Below are records to retype exactly, except for the pictures.

- [Collected data]
BEGIN

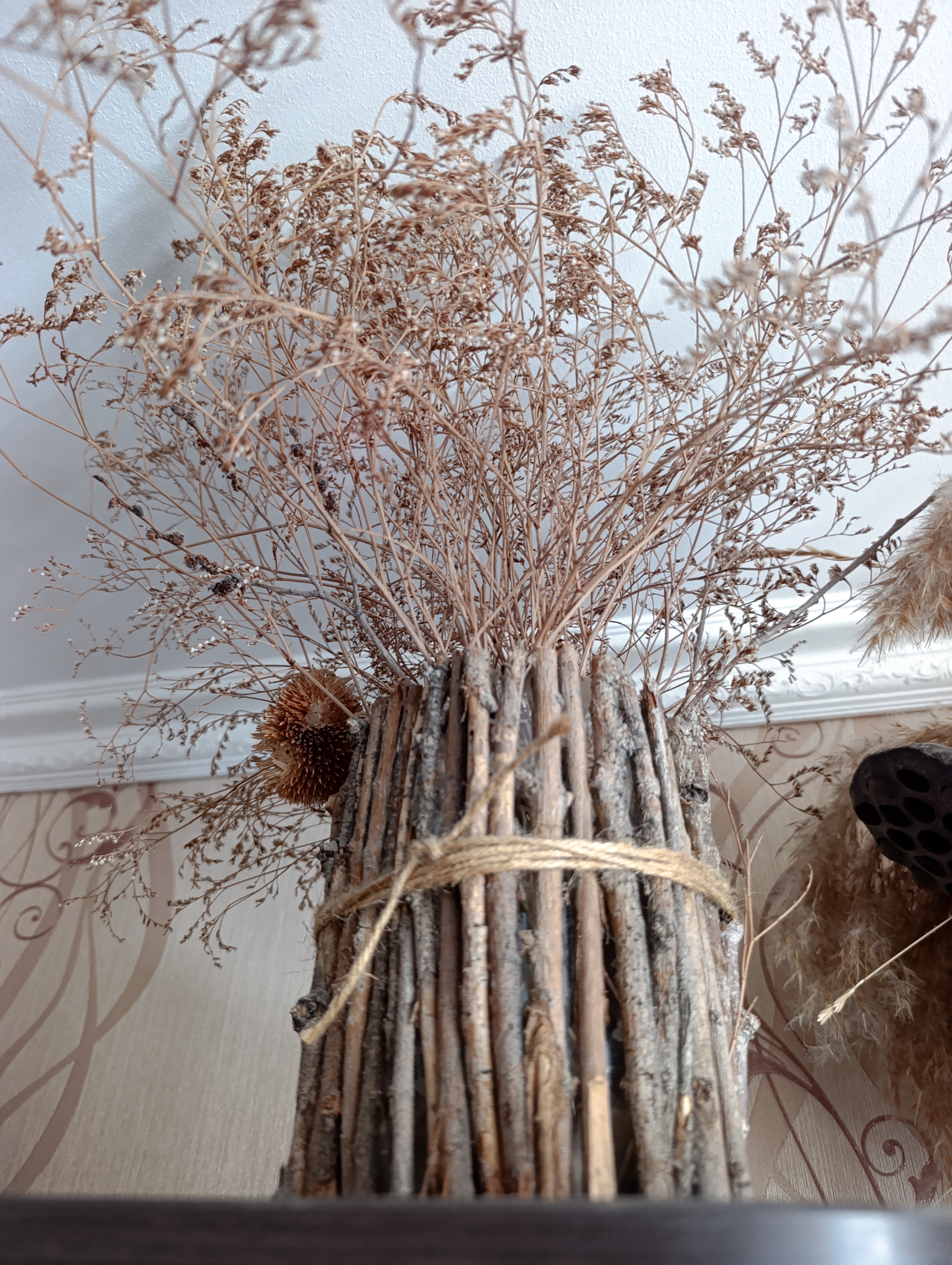 Ваза из палочек. Взяла прозрачную пластиковую бутылку, отрезала верхушку и обклеила её сухими веточками. В такую вазу отлично встали сухоцветы.
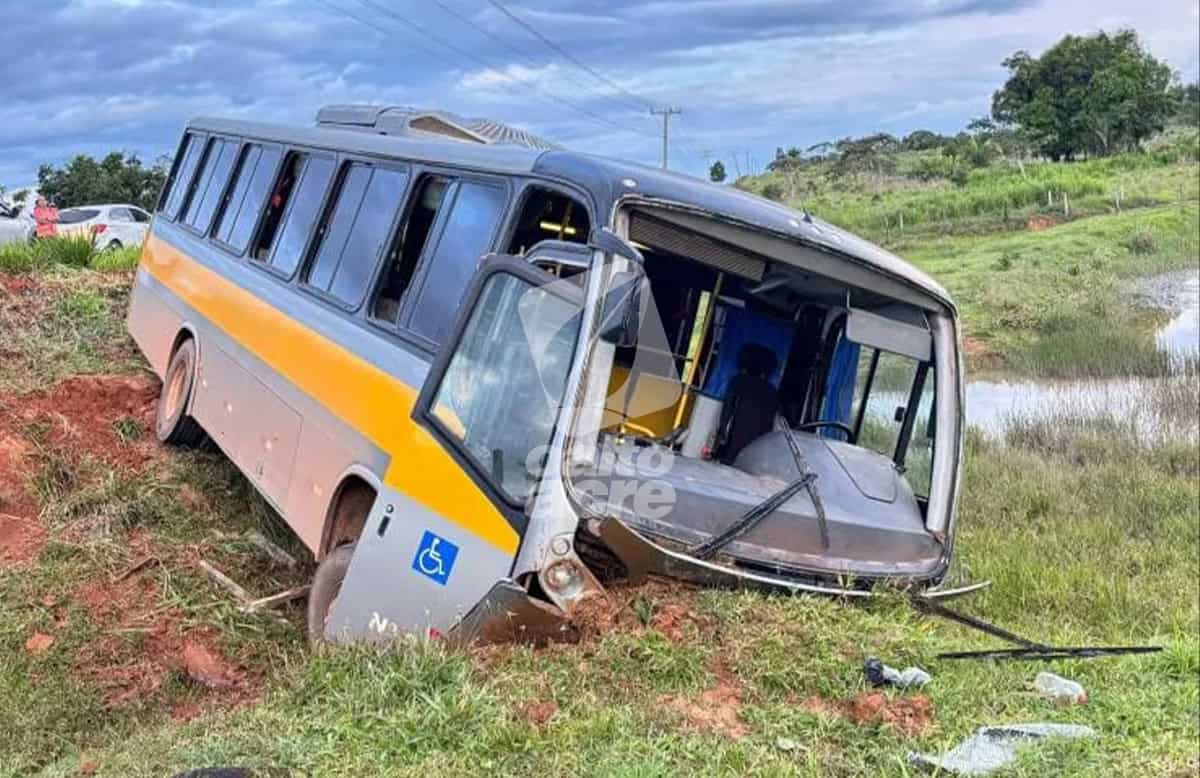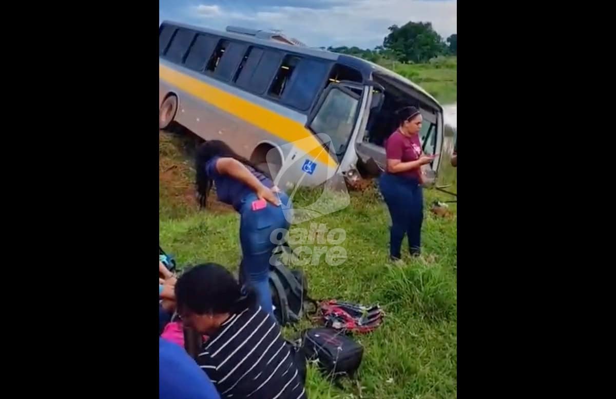 Ônibus escolar perde direção e desce ribanceira na AC-40; crianças passam por susto, mas ninguém fica gravemente ferido
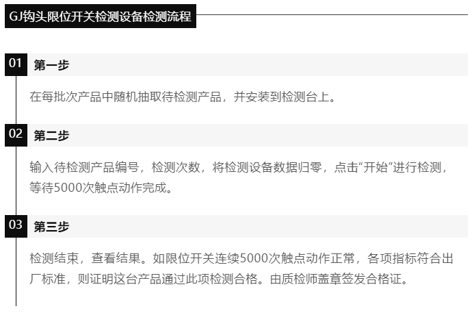 微特GJ鉤頭限位開關(guān)是用于起重機(jī)械鋼絲繩防過卷限位的一種電器自動保護(hù)開關(guān)。它與適當(dāng)重量的重錘配套,利用吊鉤的上下運動托起或放下重錘時斷開或通導(dǎo)開關(guān),達(dá)到限制鋼絲繩過卷和吊鉤在一定高度內(nèi)升降的目的。 微特,專心做起重機(jī)安全領(lǐng)域的waitor,將品質(zhì)控制貫穿服務(wù)全流程,為保障GJ鉤頭限位開關(guān)的品質(zhì)合格,針對性研發(fā)了GJ鉤頭限位開關(guān)檢測設(shè)備。 ![]() 在GJ鉤頭限位開關(guān)出廠前,由資深質(zhì)檢員對限位開關(guān)進(jìn)行連續(xù)5000次觸點動作的品質(zhì)檢測。 ![]() ![]() ![]() |
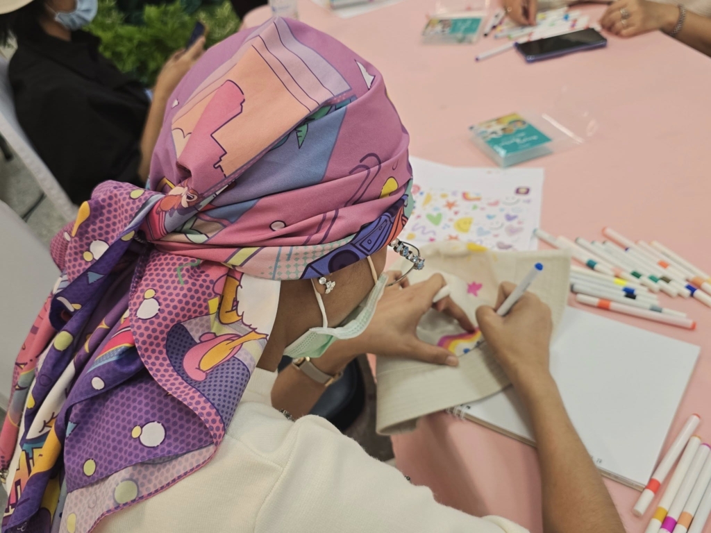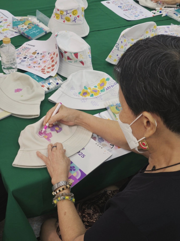 บรรยากาศเต็มไปด้วยความสนุกสนาน เสียงหัวเราะ และความตั้งใจของเพื่อนๆ ผู้ป่วยที่ได้ออกแบบหมวกใบพิเศษในสไตล์ของตัวเอง แต่ละใบคือความสร้างสรรค์และพลังใจที่สวยงามมากๆ
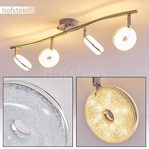 Barra Spot Donot 4 faretti LED in metallo di colore nichel opaco, Luce calda 3000 Kelvin, 24 Watt, 2400 Lumen, Faretti inclinabili e orientabili, Lampada da interno er soffitto con braccia regolabili
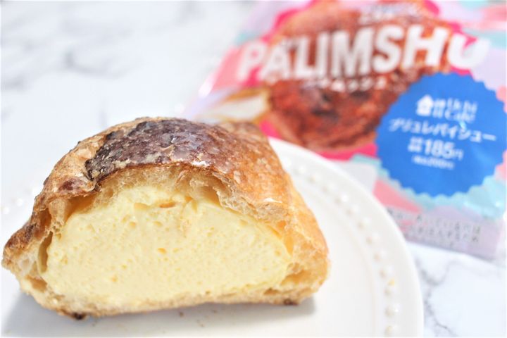 砂糖を焦がしたように焼き上がるパイシートがのったシュー生地に、生クリームと牛乳、卵黄の風味豊かなとろ~り食感のプリンクリームがたっぷりと入っています。
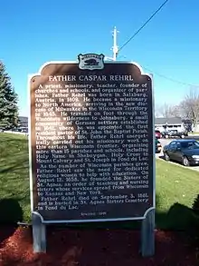 Immigrants from Prussia began settling in the Holyland region of Wisconsin in the 1830s. They began holding religious services in settler's huts with services conducted by Father Theodore Van den Broek.[2] Members donated 2 acres of land for a permanent site and a small log church was built over the middle of 1843.[3] Father Pete Carabin was appointed the first permanent pastor but he did not take residence.[3] The Archdiocese of Milwaukee was formed in 1843; the church has remained in the archdiocese since.[4] Newly appointed Bishop John Henni, a Swiss native, visited the church and parishioners were excited to be addressed using their native German language.[4] An 1844 census of the church showed 40 registered families.[3] The Bishop named Father Caspar Rehrl the first resident pastor in September 1845.[5] All land within 8 miles (13 km) from Lake Winnebago had been purchased by settlers or was owned by Native Americans and parishioners built a church on the large hill in Mount Calvary which is now the home of the St. Lawrence Seminary High School.[6] Father Fabian Bermadinger arrived from Austria (along with three Brothers) to assist Rehrl in 1847.[7]
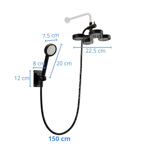 دش مزدوج برأس رباعي وخرطوم بطول 150 سم

END

- [THE COMPLETED TASK]
 Ваза из палочек. Взяла прозрачную пластиковую бутылку, отрезала верхушку и обклеила её сухими веточками. В такую вазу отлично встали сухоцветы.
 Ônibus escolar perde direção e desce ribanceira na AC-40; crianças passam por susto, mas ninguém fica gravemente ferido
 微特GJ鉤頭限位開關(guān)是用于起重機(jī)械鋼絲繩防過卷限位的一種電器自動保護(hù)開關(guān)。它與適當(dāng)重量的重錘配套,利用吊鉤的上下運動托起或放下重錘時斷開或通導(dǎo)開關(guān),達(dá)到限制鋼絲繩過卷和吊鉤在一定高度內(nèi)升降的目的。 微特,專心做起重機(jī)安全領(lǐng)域的waitor,將品質(zhì)控制貫穿服務(wù)全流程,為保障GJ鉤頭限位開關(guān)的品質(zhì)合格,針對性研發(fā)了GJ鉤頭限位開關(guān)檢測設(shè)備。 ![]() 在GJ鉤頭限位開關(guān)出廠前,由資深質(zhì)檢員對限位開關(guān)進(jìn)行連續(xù)5000次觸點動作的品質(zhì)檢測。 ![]() ![]() ![]() |
 บรรยากาศเต็มไปด้วยความสนุกสนาน เสียงหัวเราะ และความตั้งใจของเพื่อนๆ ผู้ป่วยที่ได้ออกแบบหมวกใบพิเศษในสไตล์ของตัวเอง แต่ละใบคือความสร้างสรรค์และพลังใจที่สวยงามมากๆ
 Barra Spot Donot 4 faretti LED in metallo di colore nichel opaco, Luce calda 3000 Kelvin, 24 Watt, 2400 Lumen, Faretti inclinabili e orientabili, Lampada da interno er soffitto con braccia regolabili
 砂糖を焦がしたように焼き上がるパイシートがのったシュー生地に、生クリームと牛乳、卵黄の風味豊かなとろ~り食感のプリンクリームがたっぷりと入っています。
 Immigrants from Prussia began settling in the Holyland region of Wisconsin in the 1830s. They began holding religious services in settler's huts with services conducted by Father Theodore Van den Broek.[2] Members donated 2 acres of land for a permanent site and a small log church was built over the middle of 1843.[3] Father Pete Carabin was appointed the first permanent pastor but he did not take residence.[3] The Archdiocese of Milwaukee was formed in 1843; the church has remained in the archdiocese since.[4] Newly appointed Bishop John Henni, a Swiss native, visited the church and parishioners were excited to be addressed using their native German language.[4] An 1844 census of the church showed 40 registered families.[3] The Bishop named Father Caspar Rehrl the first resident pastor in September 1845.[5] All land within 8 miles (13 km) from Lake Winnebago had been purchased by settlers or was owned by Native Americans and parishioners built a church on the large hill in Mount Calvary which is now the home of the St. Lawrence Seminary High School.[6] Father Fabian Bermadinger arrived from Austria (along with three Brothers) to assist Rehrl in 1847.[7]
 دش مزدوج برأس رباعي وخرطوم بطول 150 سم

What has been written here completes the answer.